The dimensional formula for capacitance in farads (F) can be derived using the definition of capacitance. Capacitance $$C$$ is given by the formula:

$$ C = \frac{Q}{V} $$

where $$Q$$ is the charge and $$V$$ is the potential difference.

Charge $$Q$$ has the dimension $$[C]$$, so:

$$ [Q] = [C] $$

Potential difference $$V$$ is defined as work done per unit charge:

$$ V = \frac{W}{Q} $$

where $$W$$ is work done. Work done $$W$$ is force multiplied by displacement:

$$ W = F \cdot d $$

Force $$F$$ is mass times acceleration:

$$ F = m \cdot a $$

Acceleration $$a$$ has dimension $$[LT^{-2}]$$, so force $$F$$ has dimension:

$$ [F] = [M] \cdot [LT^{-2}] = [MLT^{-2}] $$

Displacement $$d$$ has dimension $$[L]$$, so work done $$W$$ has dimension:

$$ [W] = [F] \cdot [d] = [MLT^{-2}] \cdot [L] = [ML^2T^{-2}] $$

Therefore, potential difference $$V$$ has dimension:

$$ [V] = \frac{[W]}{[Q]} = \frac{[ML^2T^{-2}]}{[C]} = [ML^2T^{-2}C^{-1}] $$

Now, capacitance $$C$$ is:

$$ [C] = \frac{[Q]}{[V]} = \frac{[C]}{[ML^2T^{-2}C^{-1}]} $$

Simplifying the expression:

$$ [C] = [C] \times \frac{1}{[ML^2T^{-2}C^{-1}]} = [C] \times [M^{-1}L^{-2}T^{2}C] = [C^{1} \cdot C^{1}] \times [M^{-1}L^{-2}T^{2}] = [C^{2}M^{-1}L^{-2}T^{2}] $$

Thus, the dimensional formula for capacitance is $$[C^{2}M^{-1}L^{-2}T^{2}]$$.

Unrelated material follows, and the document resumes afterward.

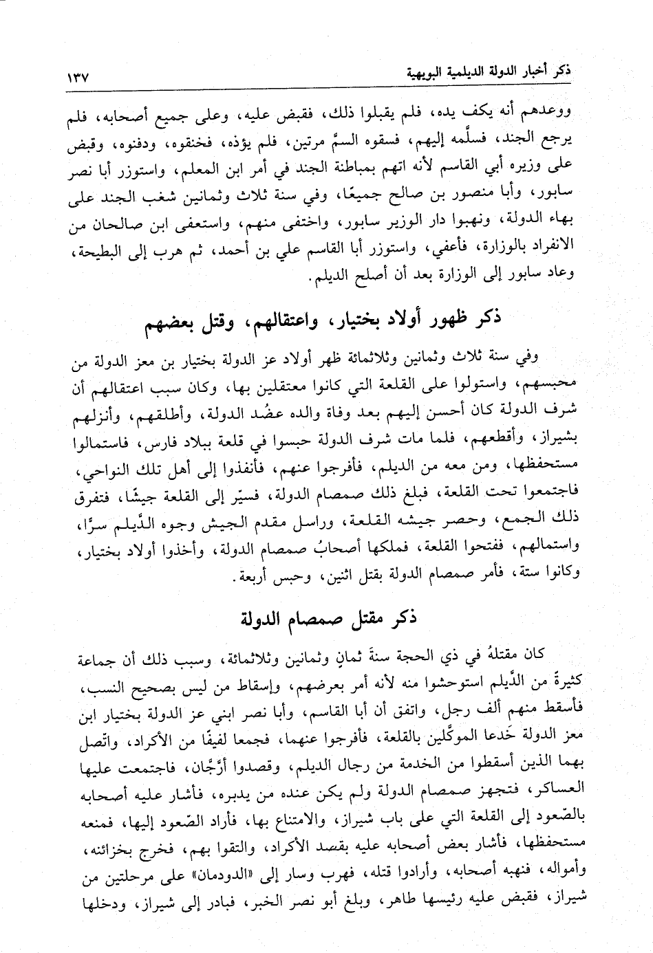 ووعدهم أنه يكف يده ، فلم يقبلوا ذلك ، فقبض عليه ، وعلى جميع بهاء الدولة ، ووعدهم أنه يكف يده ، فلم يقبلوا ذلك ، فقبض عليه ، وعلى جميع أصحابه ، فلم يرجع الجند ، فسلَّمه إليهم ، فسقوه السمَّ مرتين ، فلم يؤذه ، فخنقوه ، ودفنوه ، وقبض على وزيره أبي القاسم لأنه اتهم بمباطنة الجند في أمر ابن المعلم ، واستوزر أبا نصر سابور ، وأبا منصور بن صالح جميعاً ، وفي سنة ثلاث وثمانين شغب الجند على بهاء الدولة ، ونهبوا دار الوزير سابور ، واختفى منهم ، واستعفى ابن صالحان من الأنفراد بالوزارة ، فأعفى ، واستوزر أبا القاسم على بن أحمد ، ثم هرب إلى البطيحة ، وعاد سابور إلى الوزارة بعد أن أصلح الديلم .

Comparing with the options:

• A. $$[F]=[C^{2}M^{-1}L^{-2}T^{2}]$$
• B. $$[F]=[C^{2}M^{-2}L^{2}T^{2}]$$
• C. $$[F]=[CM^{-2}L^{-2}T^{-2}]$$
• D. $$[F]=[CM^{-1}L^{-2}T^{2}]$$

Option A matches the derived dimensional formula.

Therefore, the correct answer is A.